Massimo Audiello is pleased to announce Rivers of the Same Mountain, Jason Karolak’s first solo exhibition in New York.
For this exhibition, Jason Karolak presents new oil paintings in both large and small formats. Although no two paintings are exactly alike in measurement, his recent work has gravitated toward two distinct sizes—one large and physically engaging for the viewer, the other small and intimate in proximity. The abstract images are bold and painterly, giving us the sense that these paintings are the consummated happenings of a rigorous studio practice. Karolak’s painted forms seem to teeter between becoming and dissolving as they are built up in a kind of cathartic momentum.
When asked about the recent work, Karolak responded, “The work is consumed with the process of painting but I would not say it is ‘about painting.’ Though formal and abstract, the paintings aim at a kind of impurity. I want the visual experience to bleed into the other senses, particularly the auditory and the bodily. I aim to find a kind of image within abstraction, one that comes from my mind and emotions, and that stretches outward to meet the viewer with association and feeling.”

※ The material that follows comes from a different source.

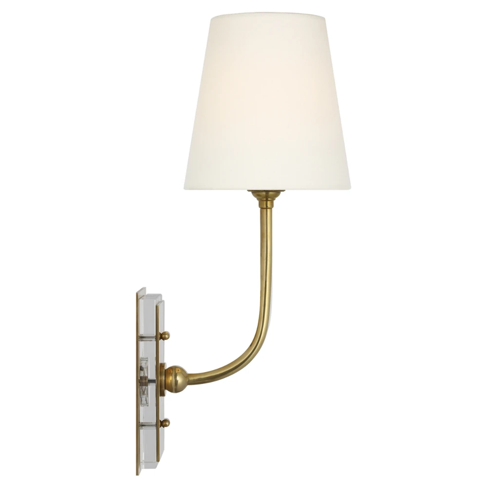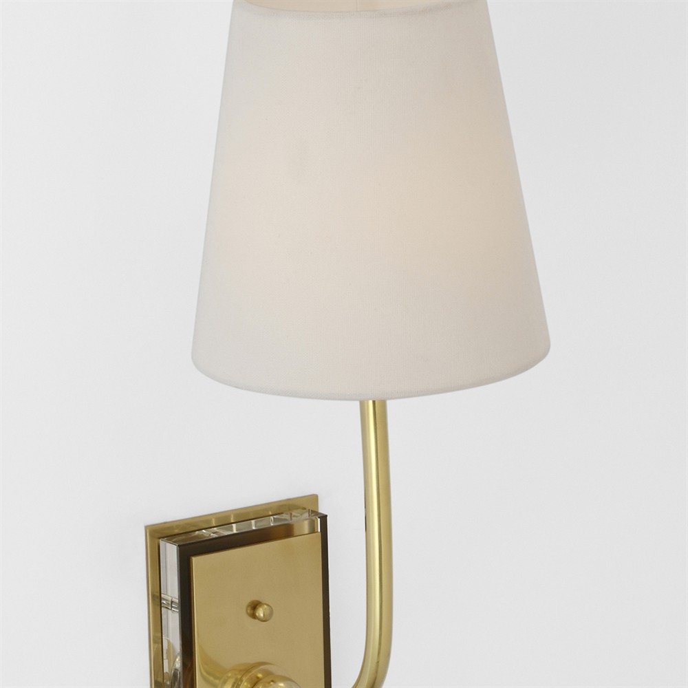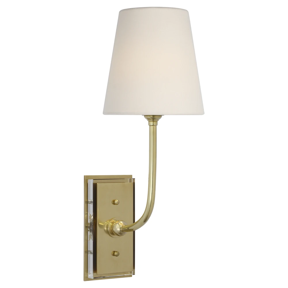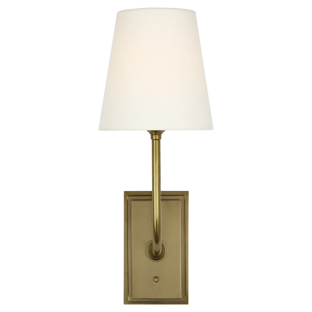 • Visual Comfort Lyndsie Traditional Linen Shade Antique Brass Armed Sconce|Kathy Kuo Home

The title of the show, Rivers of the Same Mountain, comes from a passage in Johann von Goethe’s Zur Farbenlehre (Theory of Colors) written in 1810. Though Isaac Newton had already proven much about the hard science of color and light by the end of the 17th Century, Goethe insisted that there was more to it, that color is something that gets perceived and received by human beings. Goethe thought color was emotional and held associations, both biological and cultural. Through his experiments with color perception and his writing on “color meaning,” he proposed a larger theory of connectedness in the universe, one that defied the empirical, scientific reductionism that was taking place in the West. Karolak’s paintings have an affinity with some of Goethe’s notions. Karolak’s colorful paint-forms reach out and open up rather than close down and contain. The notion of the blending of the senses seems active (for example, Synaesthesia is the phenomenon of a melding of sound and sight—hearing color, seeing music). Goethe stated that color and sound are not the same but very similar. “They are like two rivers which have their source in one and the same mountain…”
Karolak received his BFA from Pratt Institute in 1997 and his MFA from the School of the Art Institute of Chicago in 2006. Recent exhibition venues include Rowland Contemporary, Devening Projects, McCormick Gallery, and the Next Fair.